Затем через три года последовала книга стихов: он обзавелся одной из немецких философских абстракций, и некоторые его стихотворные вещи огорчают гротескной попыткой сочетать подлинный лирический порыв с метафизическим объяснением мироздания; но прочее так же оригинально и живо, как в те дни, когда этот странный юноша перетряхнул русский словарь и свернул шею общепринятым эпитетам, дабы снова заставить поэзию бормотать и петь, а не чирикать. Большинству читателей нравятся его стихи, где свободолюбивый пафос, характерный для пятидесятых годов, извергается потоком темного красноречия, которое, по замечанию критика, «не указывает на врага, но вызывает неодолимое желание вступить в борьбу». Лично я предпочитаю более чистую и в то же время более угловатую его лирику, такую, как «Цыган» или «Летучая мышь».

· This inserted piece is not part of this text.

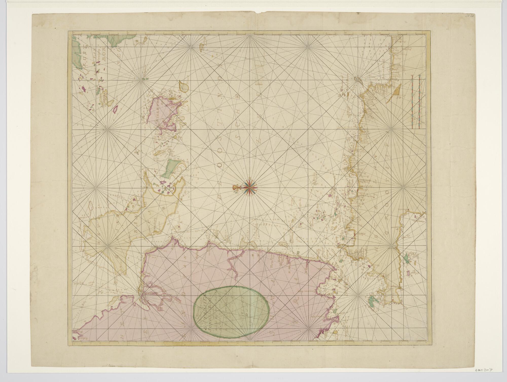 Gekleurde handschriftkaart van Straat Sunda en Straat Banka, de eilanden Banca en Billiton en een gedeelte van de eilanden Sumatra, Java en Borneo. Uitgave Johannes van Keulen, Amsterdam, circa 1750. Schaal 1 op 1.300.000.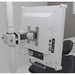 Durch die verstellbare Achse, Mittelgelenk sowie Neigung lässt sich der TFT-Halter optimal einstellen und bietet somit eine gute Sicht auf den Monitor für Patienten und Behandler.

Перов был сыном мелкого помещика, о котором известно только, что он пытался разбить чайную плантацию в своем имении под Лугой. Юношей Константин (прибегну к биографической интонации) провел немало времени в Петербурге, полусонно посещая университет, а затем рассеянно подыскивая службу в канцелярии; не многое известно о его жизни, помимо мелочей, которые можно выудить из общих тенденций, характерных для его окружения. Известен отрывок из письма Некрасова, случайно повстречавшего его в книжной лавке, рисующий образ сумрачного, нервного, «неловкого и необузданного» молодого человека «с глазами ребенка и плечами грузчика».

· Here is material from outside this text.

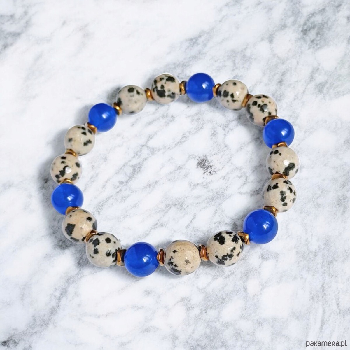 Kolorowa i niepoważna bransoletka na solidnej lince elastycznej, wykonana z fasetowanego jaspisu dalmatyńskiego (ok. 8mm) oraz soczystego jadeitu (chabrowy niebieski) i przekładek ze złotego hematytu.

Предстает он также в полицейском донесении шепчущимся с двумя другими студентами в кофейне на Невском. А сестра его, вышедшая замуж за купца из Риги, будто бы осуждала его романтические увлечения белошвейками и прачками. Осенью 1849-го он заявился к отцу с просьбой снабдить его деньгами на путешествие в Испанию. Отец, человек непосредственных реакций, наградил его оплеухой; несколькими днями позже незадачливый юноша утонул, купаясь в реке. Одежда и недоеденное яблоко были найдены под березой, но тело так и не нашли.

Его слава была бледноватой: отрывок из «Грузинских ночей», один и тот же во всех антологиях; неистовая статья Добролюбова (1859), превозносящая революционный пафос слабейших стихов; общее представление в восьмидесятых, что реакционная атмосфера задушила и в конце концов погубила прекрасный, но так и не оформившийся талант, — вот, собственно, и всё.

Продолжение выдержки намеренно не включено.